The low discriminative ability of a test may also depend on the method used to take measurements. For example, in our study maximal inspiratory pressure was measured after expiration to functional residual capacity and not to residual volume [27]. The maximal inspiratory pressure mean value for the entire study population was 22±7 (SW: 24±7 and FW: 20±6 cmH2O, respectively). Such a relatively low value may be explained by the severity and old age of our case mix, which included many patients with COPD, ALI/ARDS and neurological disorders. Moreover, the group of patients with postoperative respiratory failure included only patients who underwent emergency surgery. P01 also was not a good test for screening, because it showed a high sensitivity (0.94) and a low specificity (0.07): these data were confirmed by using the Bayes’ theorem.

According to a recent review [28], a distinction between weaning failure (inability to tolerate spontaneous breathing without ventilatory support) and extubation failure (inability to tolerate removal of the translaryngeal tube) has been increasingly recognized. This analysis was not made in our study because only one patient required intubation within 24 h of extubation, after 2 h of spontaneous breathing.

Two arguments can explain our low reintubation rate. First, a spontaneous breathing trial (T-piece) can yield a low reintubation rate [29]. Recent studies [30] have shown that almost 76% of ventilated patients can be extubated after a 2-h spontaneous breathing trial. Moreover, we included clinical signs indicating respiratory muscle capacity and load imbalance, such as uncoordinated thoracoabdominal movements and activation of the accessory muscles of respiration as criteria for spontaneous breathing intolerance. The use of these criteria, along with the traditional criteria for monitoring a spontaneous breathing trial [11], made it easier to identify those patients who presented early signs of increased muscle load. In this way, probably, the prevalence of extubation failure was underestimated in favor of the prevalence of weaning failure.

Finally, the low ability of the evaluated tests to discriminate successful weaning and weaning failure can also be explained by the fact that they represent only a static measure, collected at a specific moment, whereas weaning is a dynamic process during which the physiologic variable measured is continuously influenced by the patient’s clinical condition.

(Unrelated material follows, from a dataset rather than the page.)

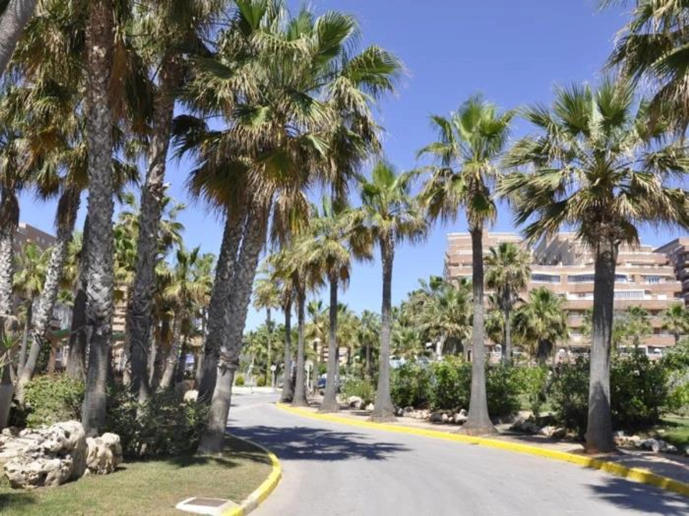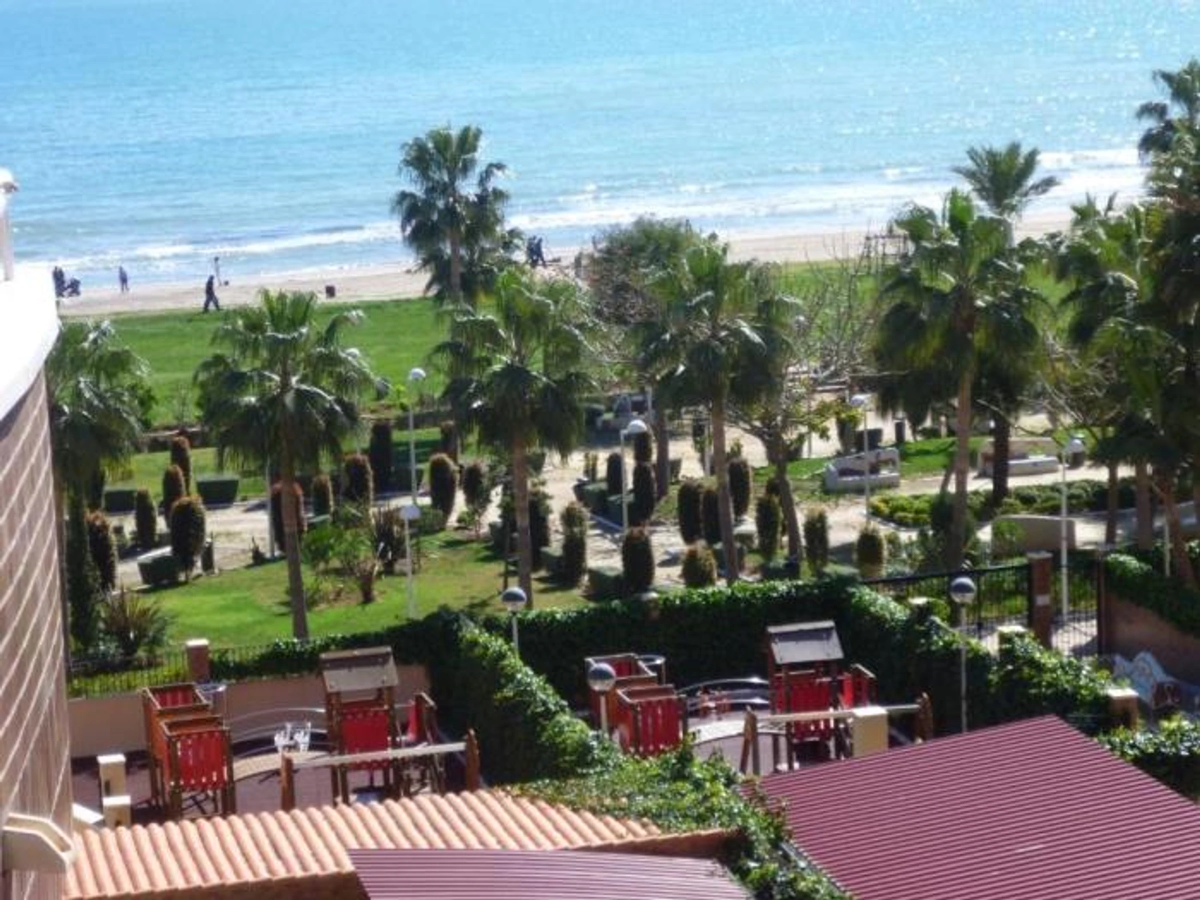 Conjunto de varios bloques de apartamentos repartidos en 1a línea de playa con vista lateral al mar. Tienen: salón-comedor con sofá-cama, 2 dormitorios dobles, cocina, baño completo y terraza. y aire acondicionado.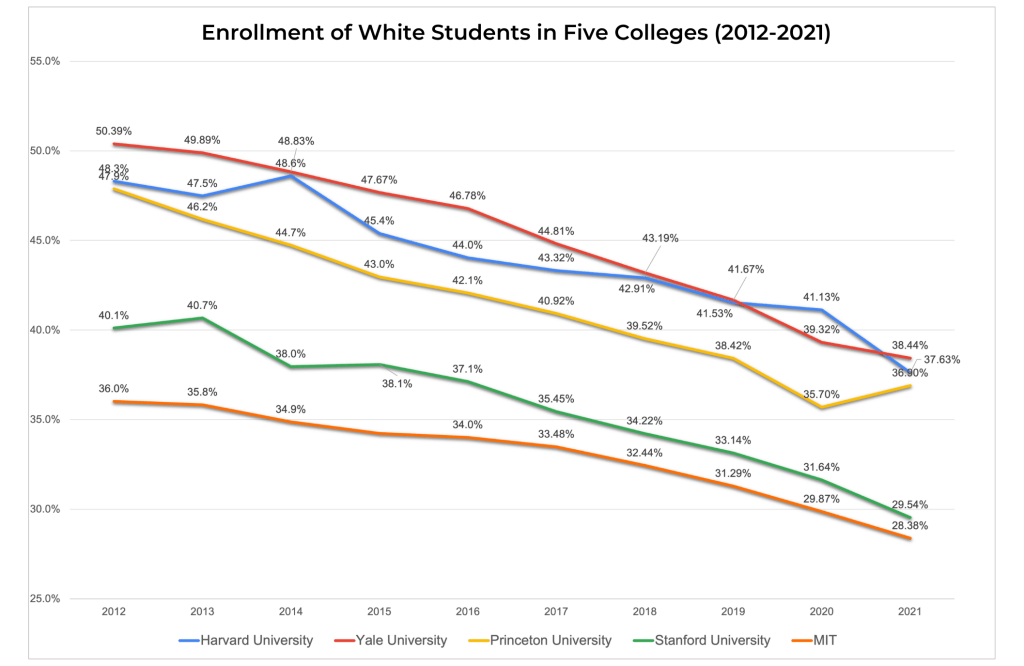 An analysis of enrollment data regarding students’ race and ethnicity at prestigious universities such as Harvard, Yale, Princeton, Stanford, and MIT reveals a noteworthy trend. Between 2012 and 2021, there was a consistent increase in the admission of Asian American, African American, and Hispanic students. Simultaneously, the enrollment of White students followed a declining trajectory over the same ten-year period.

On account of our results and those from other recent studies [29, 31], we suggest that weaning should be based on clinical evaluation and strict protocols, and that the use of predictive tests can poorly corroborate clinical judgment.

In conclusion, even when the methodological limitation represented by the lack of blinding of the physicians making decisions about the weaning process is avoided, none of the predictors of weaning studied is powerful enough to predict success: the systematic use of these weaning “predictors” is thus of little use clinically.